Department of Health Administration and Policy, College of Public Health, University of Oklahoma, Oklahoma City, OK 73104, USA.
Psychooncology. 2012 Feb;21(2):125-33. doi: 10.1002/pon.1863. Epub 2010 Oct 20.
Although previous evidence has shown increased likelihood for survival in cancer patients who have social support, little is known about changes in social support during illness and their impact on survival. This study examines the relationship between social support and survival among women diagnosed with breast carcinoma, specifically assessing the effect of network size and changes in social contact post-diagnosis.
A population-based sample of 584 women was followed for up to 12.5 years (median follow-up = 10.3 years). The mean age at diagnosis was 44 years, 81% were married, and 29% were racial/ethnic minorities. Cox regression analysis was used to estimate survival as a function of social support (changes in social contact and the size of social support), disease severity, treatment, health status, and socio-demographic factors.

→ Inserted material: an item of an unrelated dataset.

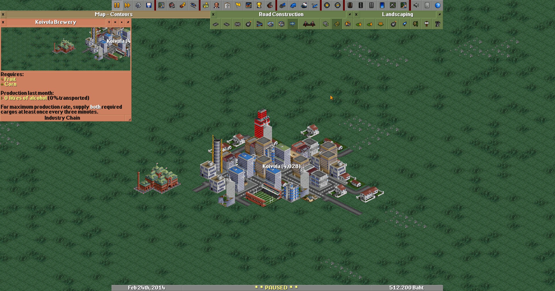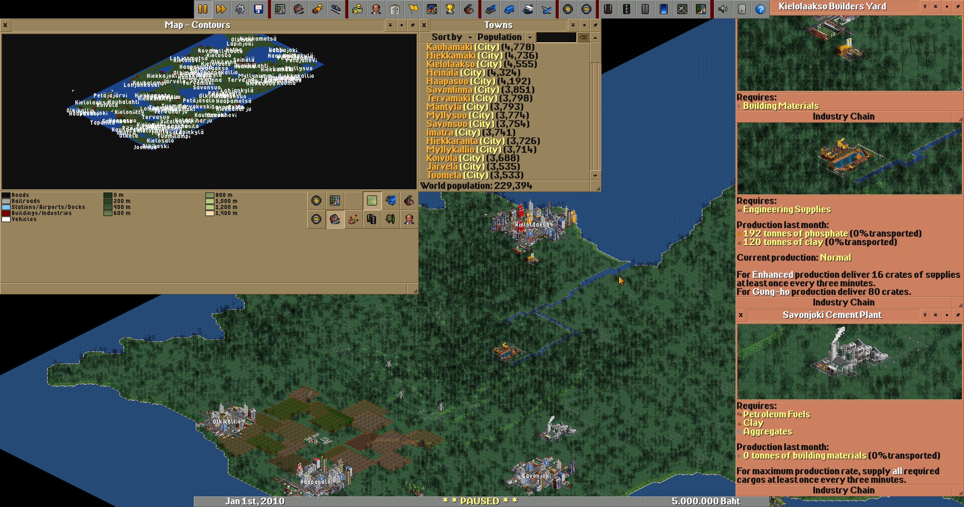 FIRS5 came out of beta a few days ago and I saw that it even offers expanded industry sets. Whatever, let's start a new game with the Hot Land industry and sub-tropic setting using Finnish city names. Tweaked some more settings and made all towns into cities for more growth and larger initial sizes. 1024x512 sized map this time, as I at best filled out a quarter of the old map when it became more interesting and pressing to start upgrading old lines instead of laying new ones. Found a nice coastal town with lots of free space that shall act as starting point. Building materials quickly got set up via trucks making rather little money. But I want to use more trucks this time, as I only used 200 in the last one. They're probably better to spread end products more evenly in smaller portions to consumers regionally. Also to haul in resources from a larger area instead of snaking them off one by one by feeder rail lines. >>16200 That's probably the first time I see an actual interesting Halloween update that actually adds to the game. Most often they are just timed, immersion breaking reskins, bonus points when the devs don't even give an option to turn seasonal stuff off.

Fifty-four percent of the women had local and 44% had regional stage disease. About 53% underwent mastectomy, 68% received chemotherapy, and 55% had radiation. Regression results showed that disease stage, estrogen receptor status, and mastectomy were associated with greater risk of dying. Although network size was not related to survival, increased contact with friends/family post-diagnosis was associated with lower risk of death, with a hazard ratio of 0.31 (95% CI, 0.17-0.57).
Findings from this study have identified an important aspect of a woman's social network that impacts survival. An increase in the amount of social contact, representing greater social support, may increase the likelihood of the women's survival by enhancing their coping skills, providing emotional support, and expanding opportunities for information-sharing.
尽管先前的证据表明,癌症患者获得社会支持的生存率更高,但对于疾病过程中社会支持的变化及其对生存率的影响知之甚少。本研究通过评估网络规模和诊断后社会联系的变化,考察了乳腺癌患者社会支持与生存之间的关系。
对 584 名女性进行了基于人群的随访,随访时间最长达 12.5 年(中位随访时间=10.3 年)。诊断时的平均年龄为 44 岁,81%已婚,29%为少数民族。使用 Cox 回归分析估计了社会支持(社会联系变化和社会支持规模)、疾病严重程度、治疗、健康状况和社会人口因素对生存的影响。
54%的女性患有局部疾病,44%患有区域性疾病。约 53%的女性接受了乳房切除术,68%接受了化疗,55%接受了放疗。回归结果显示,疾病分期、雌激素受体状态和乳房切除术与死亡风险增加相关。尽管网络规模与生存无关,但诊断后与朋友/家人的联系增加与死亡风险降低相关,风险比为 0.31(95%CI,0.17-0.57)。
本研究的结果确定了女性社交网络影响生存的一个重要方面。社会联系量的增加,代表了更大的社会支持,可能通过增强应对技能、提供情感支持和扩大信息共享机会,增加女性生存的可能性。